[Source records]
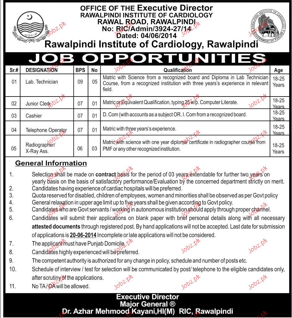 Lab Technicians, Junior Clerks, Cashiers Job Rawalpindi Inst
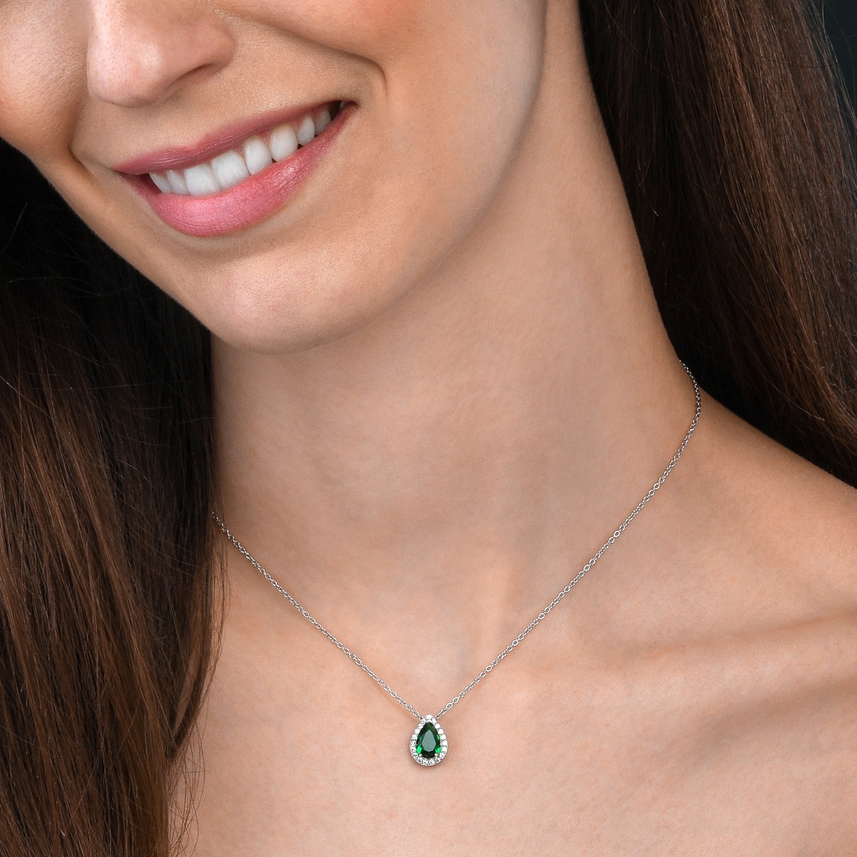 This elegant and distinguished green pendant necklace is elegantly set with a pear-shaped green stone with a halo of sparkling cubic zirconia stones. The deep green stone and delicate cubic zirconia stones are brought together in refined, elegant sterling silver settings.
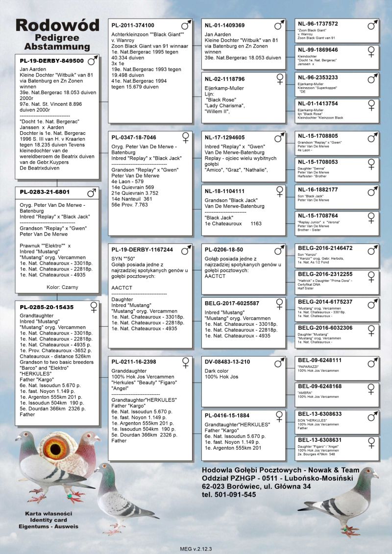 Oryginalny gołąb z hodowli Nowak & Team, szczegóły pochodzenia, rodowód poniżej. Transport gołębi prywatnym transportem.
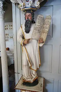 Die Kanzel wurde vermutlich ebenfalls von Johann Böhme geschaffen. Sie steht auf einer 1,18 Meter hohen Moses-Figur mit den Gesetzestafeln. Die Gesetze sind in Hebräisch geschrieben. Über dem Kopf wölbt sich die Kanzel zur 1,13 m hohe Brüstung und trägt die Jahreszahl 1647. In der fünfteiligen Brüstung stehen fünf 57 cm hohe geschnitzte Figuren. In der Mitte steht Jesus als Salvator. Zur rechten Seite stehen Lukas mit einem Stier und Johannes mit einem Adler, auf der linken Seite Markus mit einem Buch und Matthäus ohne ein spezielles Attribut.
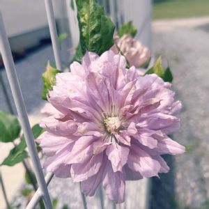 三ツ星品質モニターで頂いたクレマチスが咲きだしました✨️ ツルの伸びがあまりないコンパクトタイプのようです 大輪で花つきも良くとっても美しいです! はるかすみ、名前の通り霞がかったように薄っすらと藤色とライムグリーンのお色が美しいです♡ これからの成長が楽しみです♡

• [EXERCISE INSTRUCTIONS] What you return should be only the exact lines from the top of the entries through the line with "Oryginalny gołąb z", minus the pictures.

• [TASK ANSWER]
 Lab Technicians, Junior Clerks, Cashiers Job Rawalpindi Inst
 This elegant and distinguished green pendant necklace is elegantly set with a pear-shaped green stone with a halo of sparkling cubic zirconia stones. The deep green stone and delicate cubic zirconia stones are brought together in refined, elegant sterling silver settings.
 Oryginalny gołąb z hodowli Nowak & Team, szczegóły pochodzenia, rodowód poniżej. Transport gołębi prywatnym transportem.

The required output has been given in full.